The Stanford Program on Regions of Innovation and Entrepreneurship (SPRIE) announced its move from the Walter H. Shorenstein Asia-Pacific Research Center (APARC) to the Graduate School of Business (GSB) on Sept. 13. The privately and independently funded SPRIE, established in 1998, is an interdisciplinary, international research program focused on how high-tech regions grow and are sustained over time.
The program has five research focus areas: China 2.0, Japanese Entrepreneurship, Smart Green Cities, Telecom Regulation in India and the Silicon Valley Project. SPRIE Directors, all of whom have been or are affiliated with the GSB, cited the program’s global focus as a major reason for its move.

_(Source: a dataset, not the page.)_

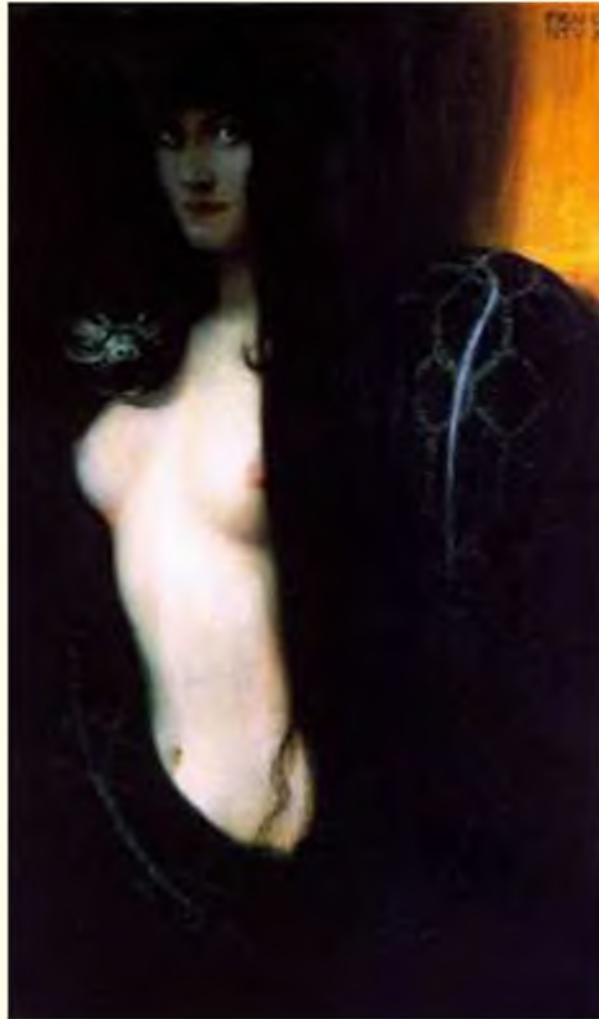
Грех. Франц фон Штук.

Тантрическая символика изображает Кундалини в виде змеи, открывающей секретное, потенциально опасное знание. Аналогичную символику мы находим в еретической интерпретации гностиков мифа о змее в райском саду. Змей, считающийся у ортодоксальных христиан Дьяволом, понимался некоторыми гностиками как божественная София, принявшая форму змеи, дабы даровать людям бессмертие и возможность «быть как боги».

“The immediate environment will have an effect, and the immediate environment will be global,” said one SPRIE Faculty Director Henry Rowen. “Asia is a pretty big place, but the world is even bigger and that’s the big difference.”

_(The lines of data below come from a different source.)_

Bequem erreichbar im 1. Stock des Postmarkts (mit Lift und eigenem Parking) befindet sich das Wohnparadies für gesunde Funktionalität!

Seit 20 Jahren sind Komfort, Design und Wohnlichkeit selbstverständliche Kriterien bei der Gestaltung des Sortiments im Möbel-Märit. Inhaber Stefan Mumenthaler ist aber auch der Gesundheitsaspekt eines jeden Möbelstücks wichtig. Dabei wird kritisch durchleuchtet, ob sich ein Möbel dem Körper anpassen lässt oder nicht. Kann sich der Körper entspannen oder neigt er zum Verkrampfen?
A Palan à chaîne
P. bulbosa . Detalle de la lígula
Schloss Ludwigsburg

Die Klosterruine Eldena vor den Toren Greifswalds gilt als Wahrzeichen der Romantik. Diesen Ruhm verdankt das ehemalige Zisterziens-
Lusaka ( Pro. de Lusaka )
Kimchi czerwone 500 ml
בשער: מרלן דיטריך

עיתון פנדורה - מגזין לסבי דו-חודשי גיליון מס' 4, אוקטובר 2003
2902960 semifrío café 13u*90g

Research will be targeted toward academic audiences, policy makers and business leaders, according to SPRIE Associate Director Marguerite Gong Hancock. In the past week, SPRIE hosted a Chinese delegation of over two dozen policy makers from national ministries, provinces and major cities.
“We conduct training programs for senior policy makers from other regions and national-level governments,” Hancock said. “We either bring our research to them in their countries or they come and spend time with us here at Stanford.”

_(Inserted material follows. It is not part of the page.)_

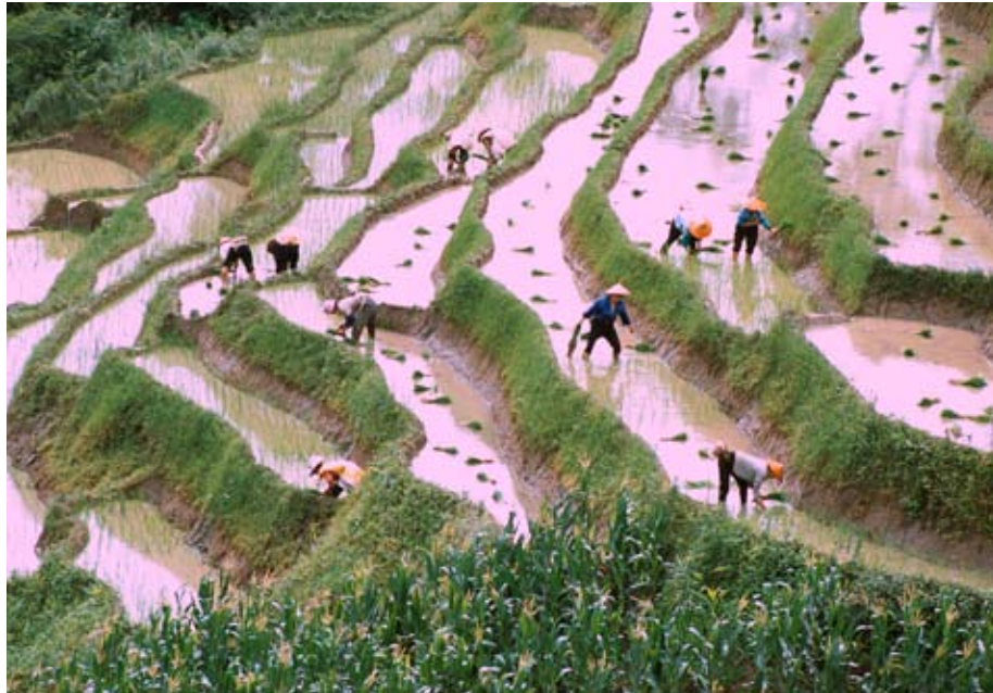
In China wird Reis auf Terrassen angebaut, um auch Berghänge zu nutzen.

Nutzbare Flächen für Acker- und Grünland sind aus klimatischen und geologischen Gründen begrenzt. Weltweit wird ein Drittel der Landfläche, circa 5 Milliarden Hektar, landwirtschaftlich genutzt: 1,5 Milliarden Hektar davon als Äcker, weitere 3,5 Milliarden Hektar als Wiesen und Weiden.
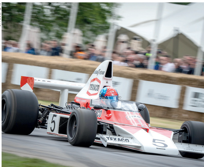
Em 1974, Emerson Fittipaldi tornou-se o primeiro campeão mundial de pilotos de Fórmula 1 da McLaren

A presença da McLaren no Monterey Car Week 2024 se concentrará em sua notável história nas corridas e em como o pedigree de Fórmula 1 inspira seus supercarros na comemoração do 50º aniversário de seu primeiro Campeonato Mundial de Fórmula 1 no The Quail, a reunião do esporte a motor, que acontecerá na próxima sexta-feira (16).

SPRIE researches how innovation and entrepreneurship help create economic value. The regional focus is what Hancock believes differentiates the program from others.
“Some programs focus on the national level and some on the firm level, and we do the regional level,” Hancock said. “It’s explicitly regional and explicitly international and comparative.”
Interviews, drawing on expertise from other regions, workshops and other forms of research provide the basic framework of operation.
“Our role is to integrate all the forms of research — to pull it all together, based on our experience in different regions, and this becomes the basis for our findings,” said a SPRIE Faculty Director William Miller.
SPRIE has ties in its focus regions, as well as on the Stanford campus.
“We will continue to expand our programs but our goal is to link them with other activities at Stanford — we progress by being collaborative with other groups,” Miller said.
Among these groups are universities, government agencies and companies in the program’s focus regions, including Tokyo University and the Japanese Ministry of Economy, Trade and Industry. On campus, SPRIE collaborates with the Department of Management Science and Engineering and faculty who teach entrepreneurship in the School of Engineering. The program is also a co-sponsor of Entrepreneurship Week.
On Sept. 30, SPRIE will host the first of four major conferences scheduled for this academic year. The “China 2.0” conference, the third in a series on the rise of the Internet industry in China, will address media and commerce.
“We have a lineup of alums from the venture capital world, entrepreneurs and people who are actively leading growth in China’s Internet industry,” Hancock said.
“There’s a flow of talent and ideas between the United States and China, and we research what is happening there, what kind of innovation is coming out of China and what the implications will be for global players,” she added.
The conference, as well as SPRIE’s seminars and events throughout the year, are open and free to students.